Los teléfonos móviles ya existían por entonces, pero ellos no tenían, lo que significaba que debían apearse del coche y echar a andar. Era un día de calor sofocante, húmedo y bochornoso, con escuadrones de tábanos y mosquitos pululando en torno a sus cabezas, y él estaba de un humor de perros, fastidiado por la estúpida despreocupación de Bobby, por el bochorno y los insectos, por tener que caminar por aquella angosta y horrible carretera, y al cabo de poco la emprendió contra su hermanastro, insultándolo, intentando provocar una pelea. Bobby, sin embargo, prosiguió con su actitud indolente, negándose a responder a sus insultos.
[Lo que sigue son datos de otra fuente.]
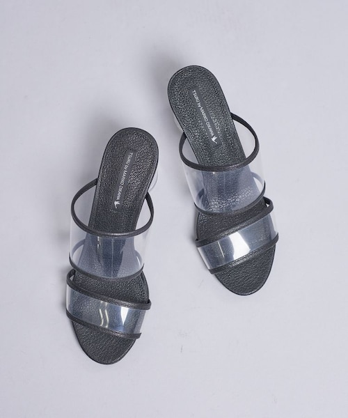 クリアヒールとこだわりの配色がオススメのミュール-Detail-合わせやすいシンプルなデザインでコーデの邪魔をせずにポイントを置いてくれる存在。TSURUらしいグラデーションの配色で仕上げたパイピングがアクセントに。太ヒールなので安定感のある履き心地です。-Fabric-ベージュはスウェード、ブラックはレザー地になっています。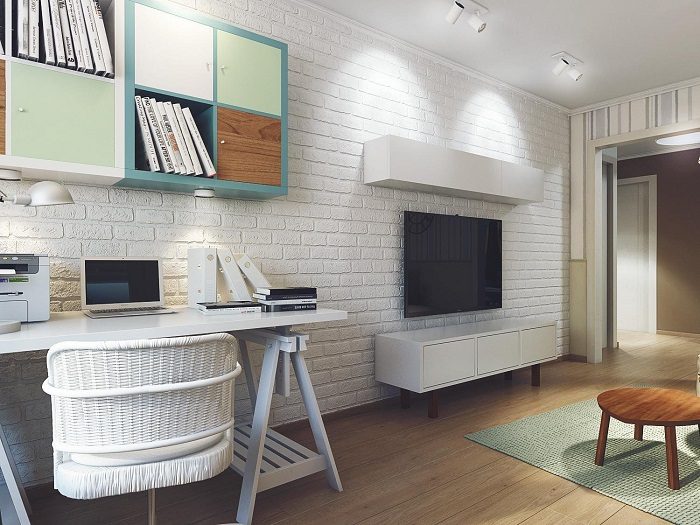 Если вы хотите, чтобы кроме традиционных зон в однокомнатной квартире также были оформлены рабочее место и туалетный столик для наведения красоты по утрам, советуем отказаться от идеи установить два стола, так как они займут все свободное пространство. Лучше объединить две зоны в одну и трансформировать их по необходимости – если использовать грамотное хранение, в этом не будет никакой сложности. Например, ноутбук и документы можно разместить в выдвижных ящиках, а на поверхности стола хранить органайзеры с косметикой и украшениями, складное зеркало и прочие милые женскому сердцу штучки. Или наоборот – все зависит от ваших требований и предпочтений.

No te hagas mala sangre por nada, le dijo, la vida está llena de giros inesperados, puede que les pasara algo interesante sólo por estar en aquella carretera, a lo mejor, por pura casualidad, se encontraban con dos chicas atractivas al doblar la siguiente curva, dos chicas guapas enteramente desnudas que se los llevaban al bosque y hacían el amor con ellos durante dieciséis horas seguidas. En circunstancias normales, solía reírse siempre que Bobby se ponía a hablar así, cayendo de buena gana bajo el hechizo de la disparatada cháchara de su hermanastro, pero no había nada normal en lo que ocurría precisamente en aquellos momentos y no estaba de humor para reírse. Era todo tan estúpido, que le entraban ganas de darle a Bobby un puñetazo en la cara.

Siempre que piensa en aquel día, se imagina lo diferente que habrían sido las cosas de haber ido al lado derecho de Bobby en vez de al izquierdo. El empujón lo habría lanzado fuera de la carretera en vez de al centro y allí se habría acabado la historia, porque no habría habido ninguna, todo el asunto habría quedado en menos que nada, un breve arrebato que se habría olvidado en un abrir y cerrar de ojos. Pero allí estaban, por ninguna razón especial situados en aquel riguroso tándem de izquierda-derecha, él por fuera, Bobby por dentro, caminando por la cuneta de la carretera en dirección contraria al tráfico, aunque no había ninguno, ni un solo coche, camión ni motocicleta pasó durante diez minutos, y tras haber estado hostigando sin parar a Bobby durante esos diez minutos, la chusca indiferencia de su hermanastro hacia su apurada situación se tornó en irritación, luego en beligerancia y, a los tres kilómetros de haber iniciado la marcha, se estaban gritando el uno al otro a pleno pulmón.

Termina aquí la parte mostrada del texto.